Activity. Look through the entries below. Report each line that has the word "shapes" in it.

(Dataset entries)

——————

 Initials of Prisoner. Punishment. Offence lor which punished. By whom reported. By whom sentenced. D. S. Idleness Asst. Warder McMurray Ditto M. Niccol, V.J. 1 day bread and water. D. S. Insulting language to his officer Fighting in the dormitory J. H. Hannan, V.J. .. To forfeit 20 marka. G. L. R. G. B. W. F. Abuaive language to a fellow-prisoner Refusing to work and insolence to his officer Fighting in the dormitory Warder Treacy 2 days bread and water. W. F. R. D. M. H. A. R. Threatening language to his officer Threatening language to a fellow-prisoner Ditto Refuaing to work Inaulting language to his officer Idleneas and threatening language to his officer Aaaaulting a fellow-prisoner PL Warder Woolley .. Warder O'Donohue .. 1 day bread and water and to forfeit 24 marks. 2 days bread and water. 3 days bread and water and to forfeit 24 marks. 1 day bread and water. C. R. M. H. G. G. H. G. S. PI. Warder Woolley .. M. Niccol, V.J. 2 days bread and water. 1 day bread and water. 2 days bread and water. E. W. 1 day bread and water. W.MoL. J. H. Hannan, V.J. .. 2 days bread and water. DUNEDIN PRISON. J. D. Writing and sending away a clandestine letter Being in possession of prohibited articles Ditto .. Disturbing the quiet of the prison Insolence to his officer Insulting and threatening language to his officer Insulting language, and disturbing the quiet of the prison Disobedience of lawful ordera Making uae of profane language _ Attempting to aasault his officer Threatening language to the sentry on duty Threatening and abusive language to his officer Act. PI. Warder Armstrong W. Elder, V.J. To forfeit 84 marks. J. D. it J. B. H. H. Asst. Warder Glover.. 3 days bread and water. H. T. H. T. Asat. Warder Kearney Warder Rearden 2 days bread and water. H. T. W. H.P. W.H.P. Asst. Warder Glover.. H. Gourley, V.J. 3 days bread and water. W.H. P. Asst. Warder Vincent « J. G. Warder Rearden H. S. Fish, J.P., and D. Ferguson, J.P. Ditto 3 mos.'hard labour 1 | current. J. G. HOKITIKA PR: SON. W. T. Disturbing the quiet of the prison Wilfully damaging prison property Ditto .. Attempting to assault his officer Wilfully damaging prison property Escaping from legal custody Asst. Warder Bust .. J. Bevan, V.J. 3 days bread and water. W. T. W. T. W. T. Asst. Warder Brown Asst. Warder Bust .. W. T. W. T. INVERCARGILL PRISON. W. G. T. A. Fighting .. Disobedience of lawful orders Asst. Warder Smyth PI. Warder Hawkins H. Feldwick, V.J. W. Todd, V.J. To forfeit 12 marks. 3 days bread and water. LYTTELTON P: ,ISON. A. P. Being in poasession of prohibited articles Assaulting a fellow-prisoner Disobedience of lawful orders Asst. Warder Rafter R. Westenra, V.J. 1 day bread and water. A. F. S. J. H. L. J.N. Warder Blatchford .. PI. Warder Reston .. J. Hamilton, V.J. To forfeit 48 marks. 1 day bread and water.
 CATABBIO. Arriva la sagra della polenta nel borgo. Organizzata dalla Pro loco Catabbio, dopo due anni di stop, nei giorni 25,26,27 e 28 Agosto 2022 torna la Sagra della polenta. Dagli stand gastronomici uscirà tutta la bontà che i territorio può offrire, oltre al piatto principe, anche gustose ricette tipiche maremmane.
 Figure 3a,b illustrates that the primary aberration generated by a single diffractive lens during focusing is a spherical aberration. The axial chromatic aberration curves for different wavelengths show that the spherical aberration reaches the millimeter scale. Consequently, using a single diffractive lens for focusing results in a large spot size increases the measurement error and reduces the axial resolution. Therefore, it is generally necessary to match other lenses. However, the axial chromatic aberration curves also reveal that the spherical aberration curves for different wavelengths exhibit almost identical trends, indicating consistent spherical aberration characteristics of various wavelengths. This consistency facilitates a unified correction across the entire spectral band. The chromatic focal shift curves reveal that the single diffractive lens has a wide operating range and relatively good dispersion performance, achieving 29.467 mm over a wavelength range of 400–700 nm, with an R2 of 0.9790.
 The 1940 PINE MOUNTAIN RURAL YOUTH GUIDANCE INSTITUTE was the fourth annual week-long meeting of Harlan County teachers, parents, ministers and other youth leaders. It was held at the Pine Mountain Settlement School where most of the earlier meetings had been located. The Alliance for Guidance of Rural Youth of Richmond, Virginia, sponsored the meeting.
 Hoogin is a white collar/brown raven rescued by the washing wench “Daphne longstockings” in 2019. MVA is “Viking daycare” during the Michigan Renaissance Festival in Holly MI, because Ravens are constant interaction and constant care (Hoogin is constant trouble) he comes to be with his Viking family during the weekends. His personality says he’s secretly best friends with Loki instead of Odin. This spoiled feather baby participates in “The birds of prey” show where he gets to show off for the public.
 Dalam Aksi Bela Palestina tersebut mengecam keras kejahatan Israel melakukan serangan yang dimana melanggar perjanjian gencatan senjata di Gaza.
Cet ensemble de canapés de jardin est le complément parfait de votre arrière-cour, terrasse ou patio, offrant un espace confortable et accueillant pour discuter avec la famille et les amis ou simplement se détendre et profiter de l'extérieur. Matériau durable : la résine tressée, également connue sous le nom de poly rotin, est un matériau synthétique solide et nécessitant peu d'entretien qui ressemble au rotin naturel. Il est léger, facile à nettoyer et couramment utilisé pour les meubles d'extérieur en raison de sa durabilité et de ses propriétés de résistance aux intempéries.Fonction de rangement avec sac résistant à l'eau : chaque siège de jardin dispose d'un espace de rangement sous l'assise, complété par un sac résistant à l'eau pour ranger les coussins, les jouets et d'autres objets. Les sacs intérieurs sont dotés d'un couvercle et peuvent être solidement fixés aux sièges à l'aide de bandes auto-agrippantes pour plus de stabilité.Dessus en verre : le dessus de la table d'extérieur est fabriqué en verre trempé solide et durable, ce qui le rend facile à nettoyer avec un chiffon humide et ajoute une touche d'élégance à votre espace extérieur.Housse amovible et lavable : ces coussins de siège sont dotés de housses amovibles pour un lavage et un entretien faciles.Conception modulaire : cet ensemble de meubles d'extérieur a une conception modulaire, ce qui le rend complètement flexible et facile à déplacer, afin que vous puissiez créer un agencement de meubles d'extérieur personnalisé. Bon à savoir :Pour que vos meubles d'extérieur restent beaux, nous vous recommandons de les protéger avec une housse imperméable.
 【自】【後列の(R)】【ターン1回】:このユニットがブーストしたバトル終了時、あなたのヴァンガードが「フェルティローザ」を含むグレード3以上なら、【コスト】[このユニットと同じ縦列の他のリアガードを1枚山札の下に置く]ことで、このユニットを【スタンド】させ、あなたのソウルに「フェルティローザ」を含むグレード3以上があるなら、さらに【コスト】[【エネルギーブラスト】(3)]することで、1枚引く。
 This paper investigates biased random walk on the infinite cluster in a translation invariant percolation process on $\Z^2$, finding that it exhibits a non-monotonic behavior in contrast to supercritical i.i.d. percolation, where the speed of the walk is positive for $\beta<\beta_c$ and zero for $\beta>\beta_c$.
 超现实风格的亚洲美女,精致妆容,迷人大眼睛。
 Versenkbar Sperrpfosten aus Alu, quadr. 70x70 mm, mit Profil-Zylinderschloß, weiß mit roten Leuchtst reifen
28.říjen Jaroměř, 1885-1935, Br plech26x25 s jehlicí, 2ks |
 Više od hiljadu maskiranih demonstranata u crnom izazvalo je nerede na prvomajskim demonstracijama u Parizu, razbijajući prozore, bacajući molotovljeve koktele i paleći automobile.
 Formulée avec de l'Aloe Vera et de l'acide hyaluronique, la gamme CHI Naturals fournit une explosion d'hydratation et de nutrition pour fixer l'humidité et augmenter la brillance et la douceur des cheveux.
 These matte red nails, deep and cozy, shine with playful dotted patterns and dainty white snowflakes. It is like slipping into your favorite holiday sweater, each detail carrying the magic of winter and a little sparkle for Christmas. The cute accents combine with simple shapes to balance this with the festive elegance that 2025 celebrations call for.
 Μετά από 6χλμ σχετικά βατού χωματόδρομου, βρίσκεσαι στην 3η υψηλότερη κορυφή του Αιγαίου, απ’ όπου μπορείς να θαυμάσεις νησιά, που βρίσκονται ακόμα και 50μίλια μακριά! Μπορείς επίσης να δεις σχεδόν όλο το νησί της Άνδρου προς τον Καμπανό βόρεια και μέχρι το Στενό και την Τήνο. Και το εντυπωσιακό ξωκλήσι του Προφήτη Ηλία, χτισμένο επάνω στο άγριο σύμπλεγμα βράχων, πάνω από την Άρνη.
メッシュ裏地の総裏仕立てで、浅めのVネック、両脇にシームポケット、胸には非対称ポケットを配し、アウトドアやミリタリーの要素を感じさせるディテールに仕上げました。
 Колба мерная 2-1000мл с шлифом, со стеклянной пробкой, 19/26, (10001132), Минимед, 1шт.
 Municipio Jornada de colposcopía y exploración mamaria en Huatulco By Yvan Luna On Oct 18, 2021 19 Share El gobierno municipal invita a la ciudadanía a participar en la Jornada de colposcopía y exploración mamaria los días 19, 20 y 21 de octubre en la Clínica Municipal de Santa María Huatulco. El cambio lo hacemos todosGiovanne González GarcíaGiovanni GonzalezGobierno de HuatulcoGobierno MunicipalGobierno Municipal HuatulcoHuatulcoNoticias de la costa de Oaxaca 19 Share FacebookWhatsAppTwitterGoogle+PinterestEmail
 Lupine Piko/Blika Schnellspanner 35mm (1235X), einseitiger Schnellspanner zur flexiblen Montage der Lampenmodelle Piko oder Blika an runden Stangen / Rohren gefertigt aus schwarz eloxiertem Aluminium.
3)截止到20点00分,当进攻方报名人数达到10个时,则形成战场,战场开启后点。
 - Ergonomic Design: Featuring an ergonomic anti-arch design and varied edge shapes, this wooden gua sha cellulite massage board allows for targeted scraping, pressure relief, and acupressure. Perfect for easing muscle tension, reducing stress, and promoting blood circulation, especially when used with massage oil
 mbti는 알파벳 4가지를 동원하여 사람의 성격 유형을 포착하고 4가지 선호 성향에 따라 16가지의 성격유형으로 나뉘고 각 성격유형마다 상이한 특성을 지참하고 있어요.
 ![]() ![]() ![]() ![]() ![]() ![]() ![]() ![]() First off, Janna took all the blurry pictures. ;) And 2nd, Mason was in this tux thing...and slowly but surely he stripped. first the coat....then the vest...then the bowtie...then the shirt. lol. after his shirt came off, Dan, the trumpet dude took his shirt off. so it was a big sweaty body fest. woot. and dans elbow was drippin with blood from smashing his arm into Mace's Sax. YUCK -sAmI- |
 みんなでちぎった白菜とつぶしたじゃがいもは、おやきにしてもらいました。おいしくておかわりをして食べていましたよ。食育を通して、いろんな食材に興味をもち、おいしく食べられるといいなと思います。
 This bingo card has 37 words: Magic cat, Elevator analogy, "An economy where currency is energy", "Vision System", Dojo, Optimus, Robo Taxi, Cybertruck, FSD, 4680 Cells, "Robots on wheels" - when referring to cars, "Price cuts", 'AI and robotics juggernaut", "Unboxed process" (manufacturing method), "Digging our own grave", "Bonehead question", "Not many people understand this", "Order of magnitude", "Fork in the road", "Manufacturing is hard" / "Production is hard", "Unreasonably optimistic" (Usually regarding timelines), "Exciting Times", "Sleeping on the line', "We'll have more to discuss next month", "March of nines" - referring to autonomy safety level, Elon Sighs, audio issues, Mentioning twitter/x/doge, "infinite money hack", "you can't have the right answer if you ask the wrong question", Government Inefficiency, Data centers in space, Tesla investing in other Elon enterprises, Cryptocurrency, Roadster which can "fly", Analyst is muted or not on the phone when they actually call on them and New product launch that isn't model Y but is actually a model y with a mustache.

——————

The completed task.
 These matte red nails, deep and cozy, shine with playful dotted patterns and dainty white snowflakes. It is like slipping into your favorite holiday sweater, each detail carrying the magic of winter and a little sparkle for Christmas. The cute accents combine with simple shapes to balance this with the festive elegance that 2025 celebrations call for.
 - Ergonomic Design: Featuring an ergonomic anti-arch design and varied edge shapes, this wooden gua sha cellulite massage board allows for targeted scraping, pressure relief, and acupressure. Perfect for easing muscle tension, reducing stress, and promoting blood circulation, especially when used with massage oil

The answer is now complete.